Even though Holocaust survivor Susan Cernyak-Spatz had spoken at Davidson College four times in the past five years, 400 or so people streamed in to hear the 91-year-old Sept. 23.
The numbers were so unexpected, the lecture had to be moved to a larger venue.
Perhaps the crowd agreed with Davidson history professor Thomas Pegelow Kaplan when he said, “Many Holocaust survivors are already deceased. In a few years, there will be no one left, so we should speak with survivors while we still can.”
Cernyak-Spatz spoke matter-of-factly about the gruesome specifics she experienced at Auschwitz-Birkenau. She told of “the sweet nauseating smell of burning flesh,” the head-to-toe shaving, and the red metal bowl she was given to eat from during the day and to use as a toilet at night.
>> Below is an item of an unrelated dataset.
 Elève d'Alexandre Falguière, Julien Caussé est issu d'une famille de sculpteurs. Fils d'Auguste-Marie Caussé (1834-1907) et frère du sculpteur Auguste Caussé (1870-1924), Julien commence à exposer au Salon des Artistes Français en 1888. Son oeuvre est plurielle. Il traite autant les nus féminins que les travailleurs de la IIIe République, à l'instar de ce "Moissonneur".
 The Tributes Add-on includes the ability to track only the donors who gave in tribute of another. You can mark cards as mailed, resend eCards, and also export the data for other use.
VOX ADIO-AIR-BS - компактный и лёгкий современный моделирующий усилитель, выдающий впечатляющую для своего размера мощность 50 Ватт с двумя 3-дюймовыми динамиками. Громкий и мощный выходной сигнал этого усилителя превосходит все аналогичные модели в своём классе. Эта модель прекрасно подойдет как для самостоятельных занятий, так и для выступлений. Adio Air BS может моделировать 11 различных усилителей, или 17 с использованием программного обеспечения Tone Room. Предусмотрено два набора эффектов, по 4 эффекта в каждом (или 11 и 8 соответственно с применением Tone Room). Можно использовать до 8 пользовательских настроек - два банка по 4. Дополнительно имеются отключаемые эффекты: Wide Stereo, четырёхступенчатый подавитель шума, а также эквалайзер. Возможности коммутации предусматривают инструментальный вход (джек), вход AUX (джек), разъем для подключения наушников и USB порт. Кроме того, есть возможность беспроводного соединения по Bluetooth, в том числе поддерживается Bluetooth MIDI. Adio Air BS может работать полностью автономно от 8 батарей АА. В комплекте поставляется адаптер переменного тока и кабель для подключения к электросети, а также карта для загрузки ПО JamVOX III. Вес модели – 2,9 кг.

After telling her brutal survival story as prisoner #34042, Cernyak-Spatz concluded by saying: “There is only one thing I want to tell all of you, especially students, who sooner or later will have professions. If, in the exercising of your job, you would have to kill one human being, just remember what I told you about the Wannsee Conference that determined the Final Solution (the Nazi’s plan to annihilate Jews). In that conference, 14 higher-ranking SS men determined the life of millions. And among these 14 higher-ranking men were 11 that had PhDs, having education, having intelligence, without one drop of humanity.
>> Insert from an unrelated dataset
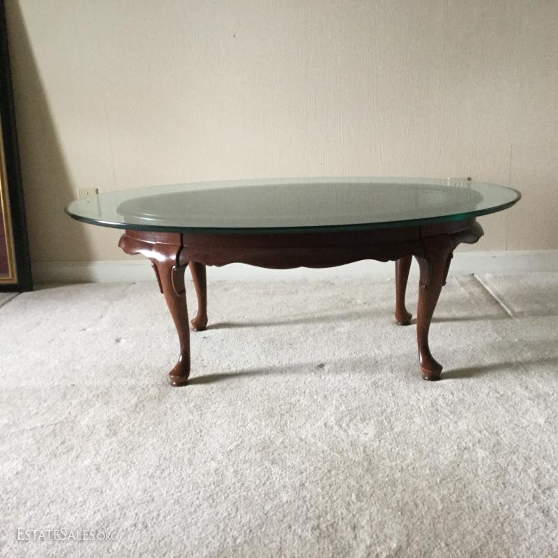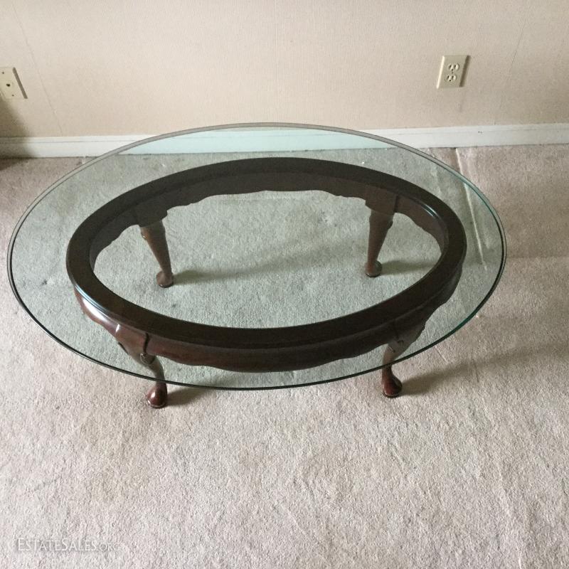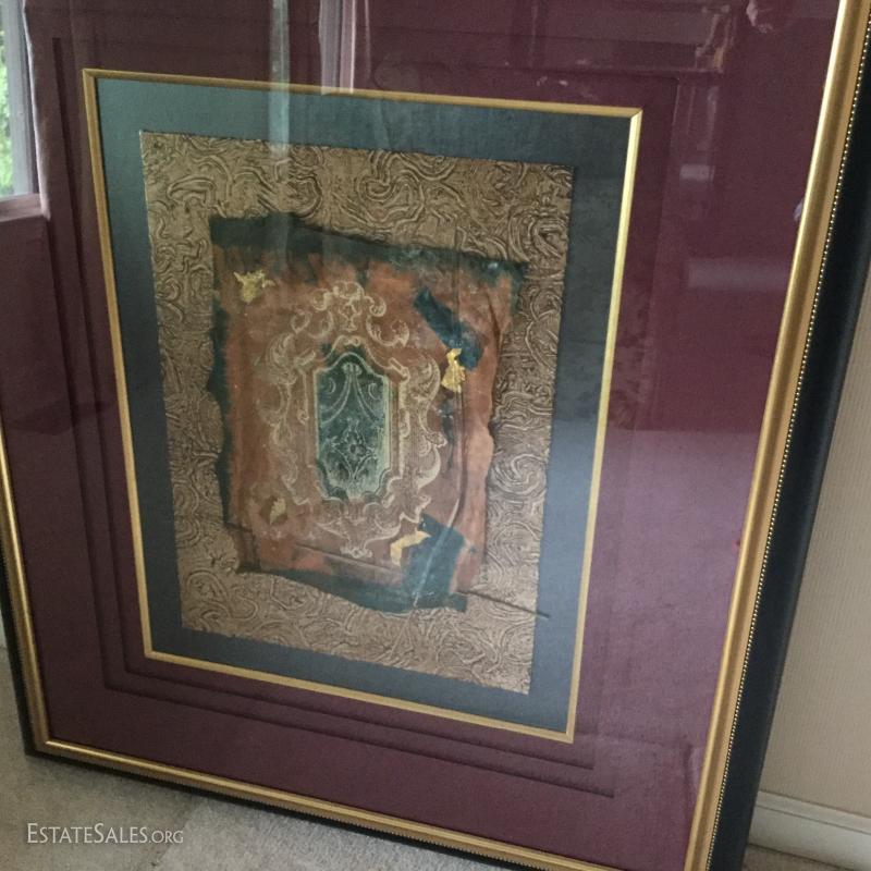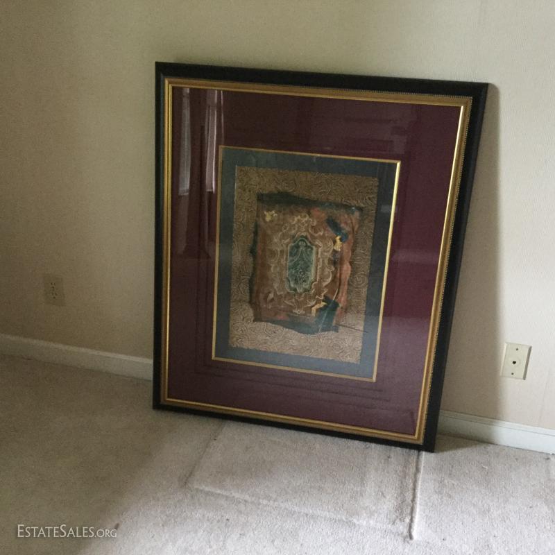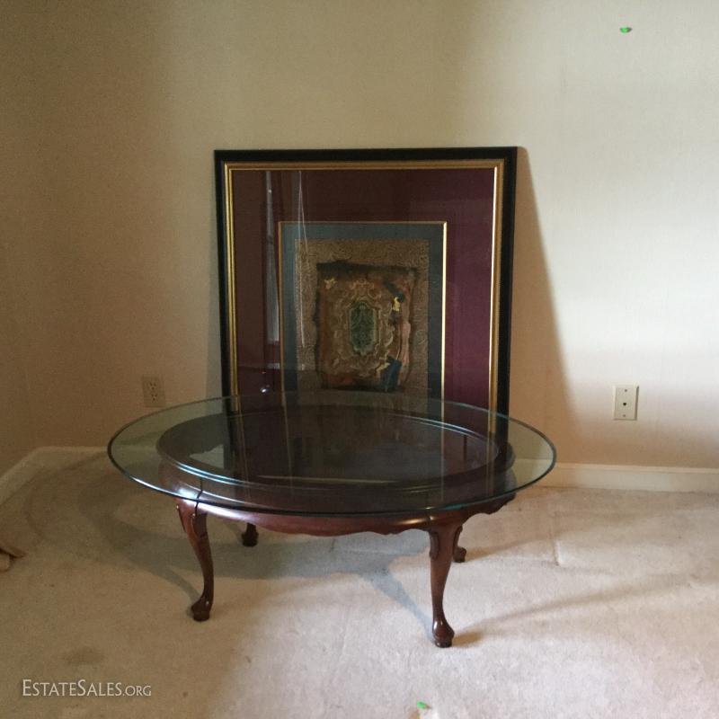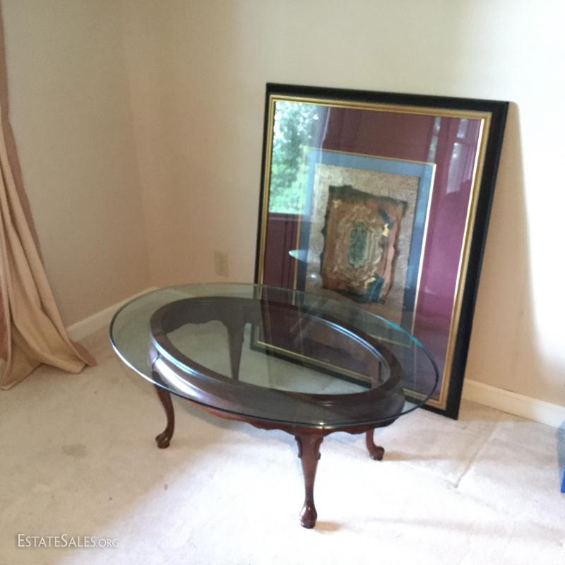 Large framed art, 43"l x 36"w. Gold and red tones with black frame. Wood coffee table with glass top, 44"l x 30"w.

“There is an old saying,” she added, “‘If we forget the past, we’re condemned to repeat it.’ People like me will be gone. It is up to you and the next generation.”
The very next day, an unlikely person remembered the past. Iran’s new president, Hassan Rouhani, acknowledged and condemned the Holocaust, even though his predecessor, Mahmoud Ahmadinejad, denied its existence.
After a Musllim leader and several hundred future leaders paused to remember the genocide of 6 million Jews, perhaps prisoner #34042 felt some hope for the future generations.